The next session concerned construction & infrastructure disputes, chaired by Sandy Thompson QC. Stephen Hibbert treated the audience to an overview of the Qatar rail – Doha Metro, complete with a short video. Mr Hibbert also shared with us a rather novel feature of an arbitration agreement in that Project which provided that any arbitration would be delayed until the end of the Project, even if the contract was terminated. Frances Williams from Corrs Brisbane considered stop-clock arbitrations to be a worthy process to cut through the inefficiencies of arbitration.
The final session of the day concerned the appointment of arbitrators from an institutional and a corporate perspective. The session was chaired by Professor Doug Jones AO C.Arb FCIArb.
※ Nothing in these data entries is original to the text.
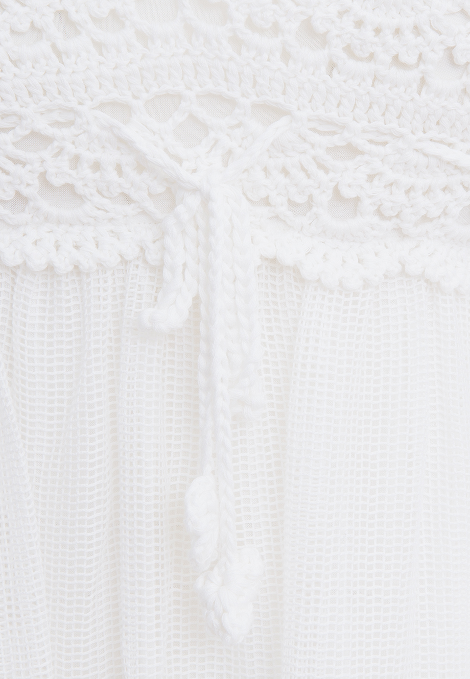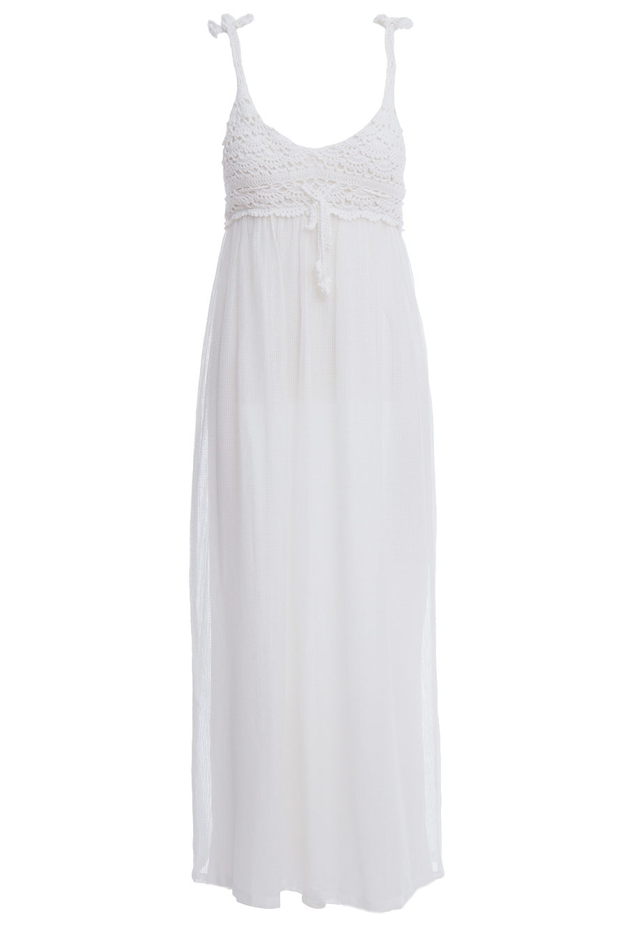 Детали: А-силуэт, кокетка из вязаного кружева макраме, тонкие бретели с завязками, от груди двуслойная юбка с мелкой сборкой. Верхний слой – сетка, нижний – хлопок. В комплекте с сарафаном – треугольная накидка-платок из сетки с кружевом.
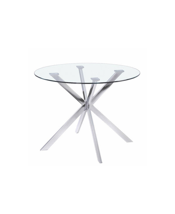 • Base is made of 4 criss-cross steel slats and is perfectly paired with a round tempered glass top.
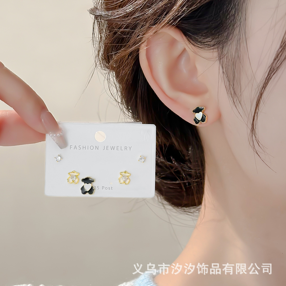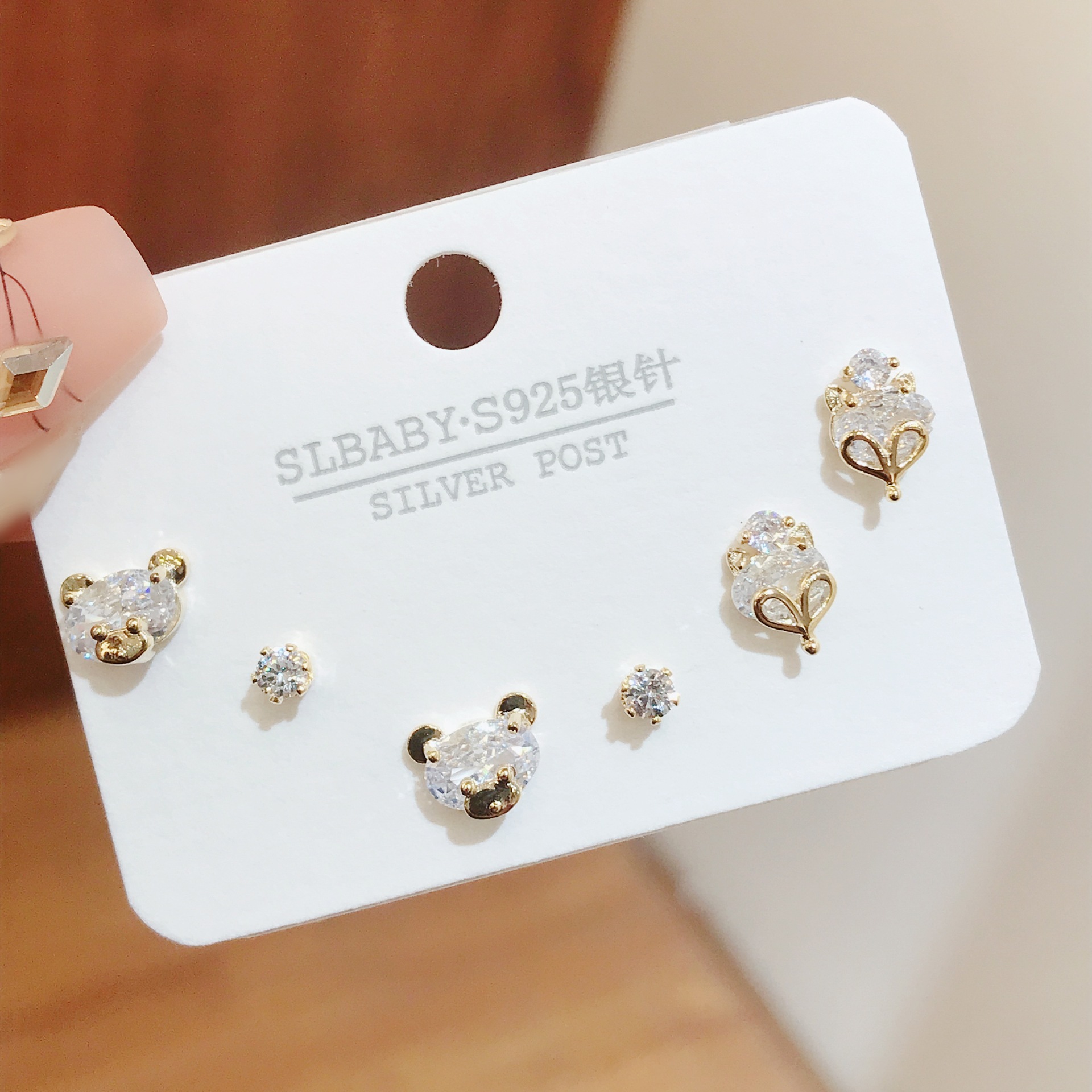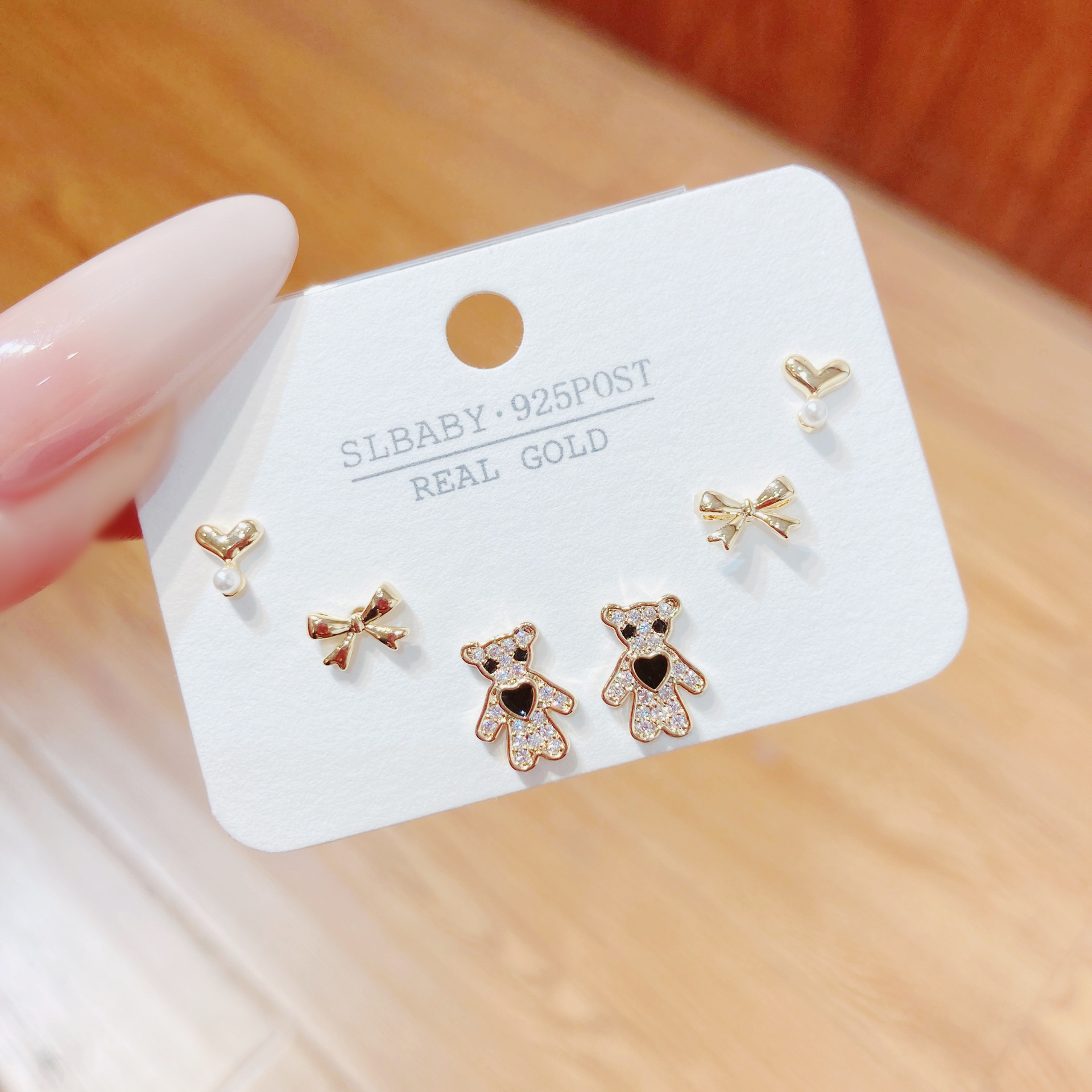 気質のかわいいアニメの熊の3対のピアスの女性のs925銀の針の小さい大衆のデザイン感の通勤の耳飾りの卸売り

Matthew Gearing QC demonstrated that the statistics show that institutions are driving gender/age/racial diversity more than the parties, and that the LCIA, in particular, is leading the charge. The corporate perspective was given by Scheherazade Walter. Ms Walter explained the apparent reluctance on the part of parties: the client is interested in this arbitration. It is not interested in furthering the cause of diversity for the good of arbitration more generally.
After the conference the delegates headed pool-side for a cocktail networking reception. The evening ended with a presentation by Queensland Convenor, Dr Shane Monks, of the prize to Jay Tseng who won the CIArb Australia Essay Writing competition.
Dr. Shane Monks, CIArb Australia National Councillor and Jay Tseng, 2019 CIArb Australia Essay Competition Winner
The rest of Arbitration Week was packed with events making this first arbitration week in Brisbane the most well attended one to date.